Human Rights Watch called upon the government to set up a national
institution empowered to recommend remedies for discriminatory
policies and responding to individual claims.
The 90-page report, "The Ismailis of Najran: Second-Class Saudi
Citizens," based on more than 150 interviews and reviews of official
documents, documents a pattern of discrimination against the Ismailis
in the areas of government employment, education, religious freedom,
and the justice system.
"The Saudi government preaches religious tolerance abroad, but it has
consistently penalized its Ismaili citizens for their religious
beliefs," said Joe Stork, deputy Middle East director at Human Rights
Watch. "The government should stop treating Ismailis as second-class
in employment, the justice system, and education."
At least several hundred thousand, and perhaps as many as 1 million,
Ismailis live in Saudi Arabia, part of the Shias in the
Sunni-dominated country of 28 million. Most Ismailis live in Najran
province, on Saudi Arabia's southwestern border with Yemen, where
tensions have been growing in recent years.
Saudi Arabia conquered Najran following a brief war with Yemen in
1934, incorporating into the kingdom the local Sulaimani Ismailis, one
strand of Ismaili belief. Najran has been home to the highest
Sulaimani Ismaili cleric, the Absolute Guide, since the 17th century.
Despite more than 70 years of shared history, Saudi authorities at the
highest levels continue to propagate hate speech against this
religious minority. In April 2007, the Council of Senior Religious
Scholars, the body tasked with officially interpreting Islamic faith,
ritual, and law, termed Ismailis "corrupt infidels, debauched
atheists." In August 2006, Saudi Arabia's highest judge, Shaikh Salih
al-Luhaidan, declared to an audience of hundreds that Ismailis
"outwardly appear Islamic, but inwardly, they are infidels." Other
Saudi officials did not rebut or disown those statements.
Growing tension since the mid-1990s between Ismailis and Najran's
governor, Prince Mish'al bin Sa'ud bin Abd al-'Aziz, led to clashes in
April 2000, after the authorities arrested an Ismaili cleric they
accused of "sorcery." Security forces arrested hundreds of Ismailis,
and tortured and secretly tried dozens of others.
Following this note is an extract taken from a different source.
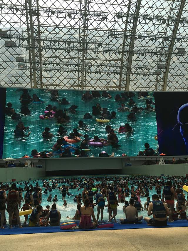 对于七月十七日的成都环球大厦水上乐园游 有两个特别深刻的感触 一是贵 二是人多 本来是矛盾的 但恰恰两个就联系到一起了 票价180包括1米2以上的小孩在内都是180 还有最不人性的一点 纸质手环 说是防水的 但还是很容易掉 在那天就遇见几个手环掉了的 最操蛋的手环不能补 要找到手环尸体 若大的环球中心水上乐园 掉了去那找去 所以我要说是操蛋的规矩 至于里面玩的设施还算凑合 说是有十三项 真正开放好玩的也就那几项而已 对于180的票价 我至今觉得高 小孩玩的还是很高兴 玩水嘛 不过后来发现随便一个游泳池 小孩都玩的开心 所以我基本不会带小孩再去 除非免费

The authorities then
purged some 400 Ismailis from the local bureaucracy.
Since then, local officials who have been sent to Najran from other
parts of the country and reflecting the country's dominant
conservative Wahhabi Muslim ideology, have continued to discriminate
against Ismailis in employment, education and the justice system, and
interfered with their ability to practice their religion.
Only one of the 35 department heads of the Najran provincial
government is an Ismaili. Almost no Ismailis work as senior security
personnel or as religion teachers. Saudi textbooks teach that the
Ismaili faith is a sin of "major polytheism," tantamount to
excommunication. Wahhabi teachers in Najran insult Ismaili pupils'
faith and try to convert them to Sunni Islam, even using threats of
class failure and flogging.
Ismailis are not free to pass their religious teachings on to new
generations. The authorities have at times exiled the Absolute Guide
from Najran or placed him under house arrest. Saudi authorities also
ban the import or production of Ismaili religious literature. Ismailis
face obstacles in obtaining permits to build new mosques or expand
existing ones, whereas the state funds and builds Sunni mosques in
Najran, even in areas without a Sunni population.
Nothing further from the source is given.